Chris Rubio

No. 64
- Position: Long snapper

Career information
- High school: Charter Oak High School
- College: UCLA

= Chris Rubio =

American football trainer

Chris Rubio is an American football trainer of long snappers. He works with high school long snappers and evaluates them for college football programs. His Rubio's Long Snapping Camp is recognized as the longest-running long-snapping camp in the nation.

Over the past 17 years, Rubio has helped over 1,000 long snappers play football in college and the NFL. Rubio runs Long Snapping camps all around the US, with the premier event being held in Las Vegas, Nevada. His Las Vegas event has grown from about 15 participants in the mid-2000s to about 350 participants in 2018. During the COVID-19 pandemic, he used virtual training sessions as his main coaching tool. Rubio partners with Chris Sailer, who provides a similar service for placekickers and punters with Chris Sailer Kicking. The two were teammates in college with the UCLA Bruins.

He selects the participants for the US Army All-American Bowl and Polynesian Bowl each year. Rubio is a co-founder of the Patrick Mannelly Award, given to the best Long Snapper at the Division I FBS level. Over the last 17 years, Rubio has helped over 1,000 high school and junior college long snappers. Alumni from Rubio’s camps include former and current NFL long snappers, such as Cole Mazza, Aaron Brewer, Jon Weeks, Taybor Pepper, Rick Lovato, Kameron Canaday, Reid Ferguson, Carson Tinker, Scott Daly, Camaron Cheeseman, Jon Cardona, and Christian Yount. Rubio has helped to coach and sculpt two long snappers that were drafted in the past two years, Blake Ferguson and Thomas Fletcher.

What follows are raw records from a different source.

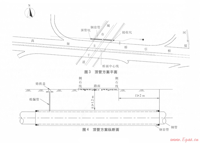 由表l可知,水平定向鉆方案造價較高,但工期較短;頂管方案造價較低,但由于頂管坑需要養(yǎng)護期,其工期較長。因此,在實際工程中,應綜合考慮工程的客觀情況選擇最佳方案,即對于工期緊張的工程,應優(yōu)先選擇水平定向鉆方案,而對于降低造價要求較高的情況,則優(yōu)先選擇頂管方案。
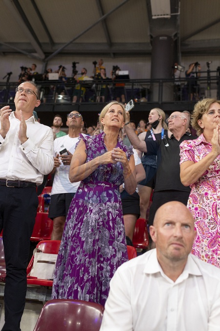 Księżna Sophie z Edynburga patrzy, jak Brytyjki wygrywają finał sprintu drużynowego kobiet w kolarstwie lekkoatletycznym podczas Igrzysk Olimpijskich 2024 w Paryżu (OG) na torze Vélodrome National w Saint-Quentin-en-Yvelines
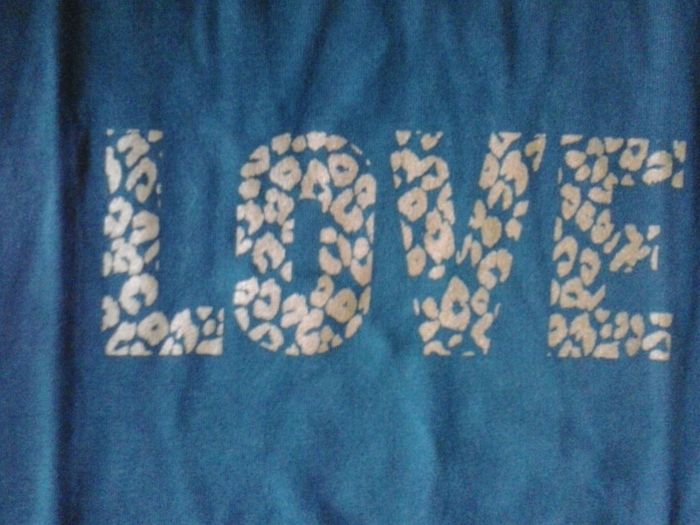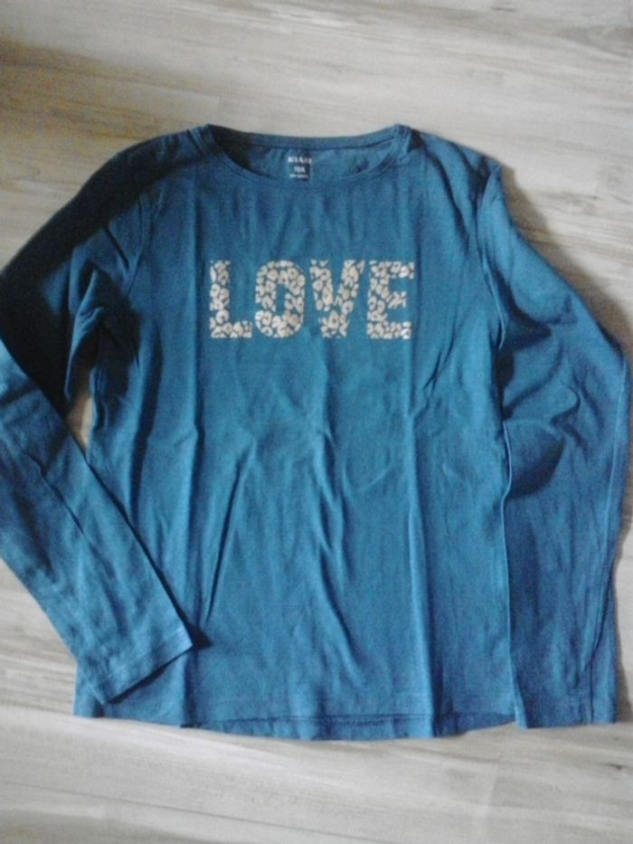 Tee-shirt bleu pétrole avec le mot LOVE écrit en doré. Manches longues. Très bon état
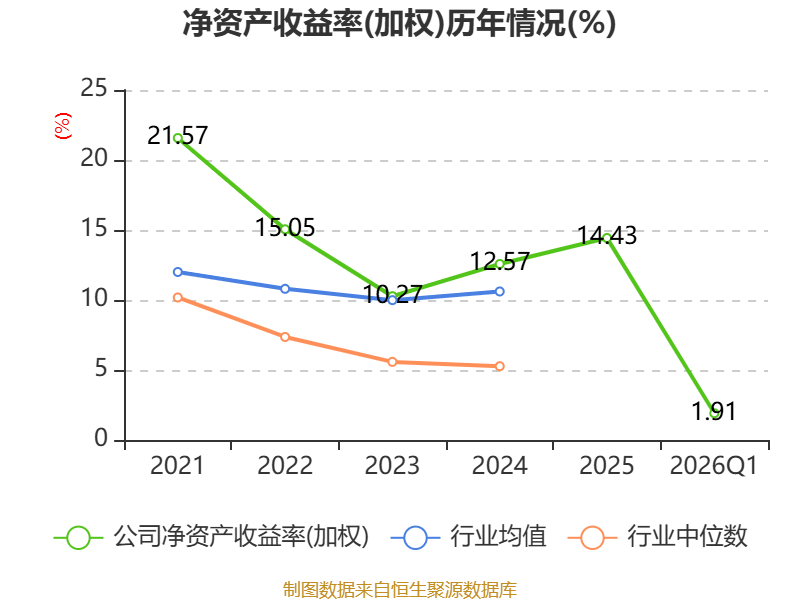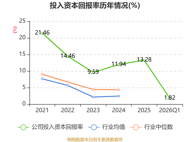 盈利能力方面, 2026年一季度公司加权平均净资产收益率为1.91%,同比下降0.83个百分点。公司2026年第一季度投入资本回报率为1.82%,较上年同期下降0.78个百分点。
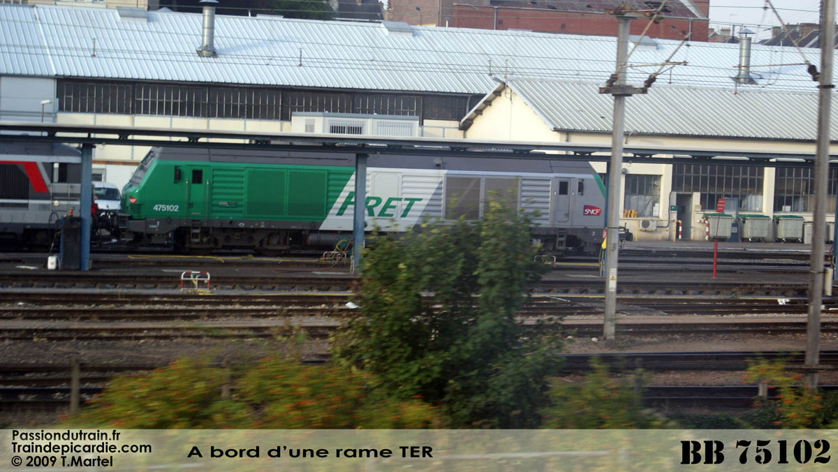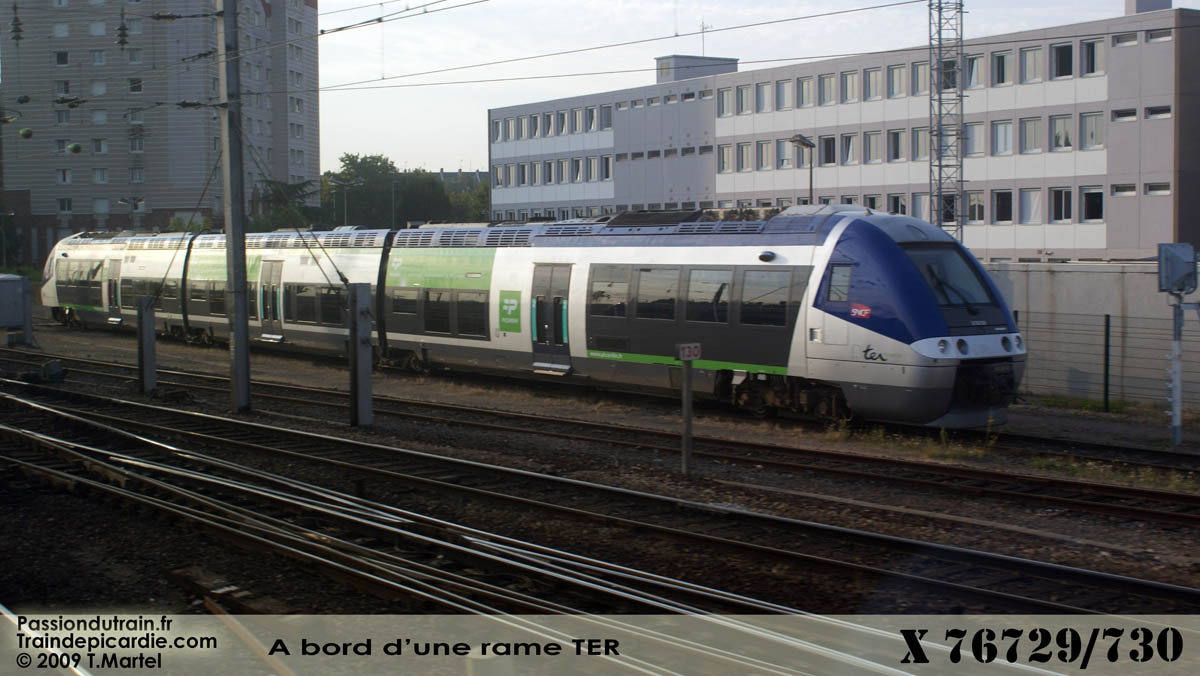Petit voyage à Lens Au programme de cette série - Photos prise à bord d'un TER (caisse voyageurs) - Photos en gare de Lens - Photos au Technicentre de Lens Précision : les photos au technicentre ont était faite avec l'aimable autorisation de la Direction Régionale SNCF de Lille Note : Attention si vous prenez des photos dans les gares du Nord-Pas de Calais, visiblement, ils n'aiment pas les photographes. J'ai pu en faire le matin à Lens parce qu'ils était sympa, l'après-midi la relève n'était pas aussi sympa, j'ai du faire en mode "volé". Photos à bord du TER Rouen/Amiens/Lille Flandre Prises d'Amiens à Lamotte Brebière Photos en gare de Lens à suivre...

One of Rubio's former students, Tanner Gibas, created a documentary about Rubio and his impact on the Long Snapping community.

Recently, Rubio has been featured in an NFL Films show on Long Snapping (Long Snapping Bros: A Closer Look at "the Mannings of Long Snapping" | NFL Films Presents), a full episode on Freakonomics and is set to host The Rubio Method (a national tv show on men's health).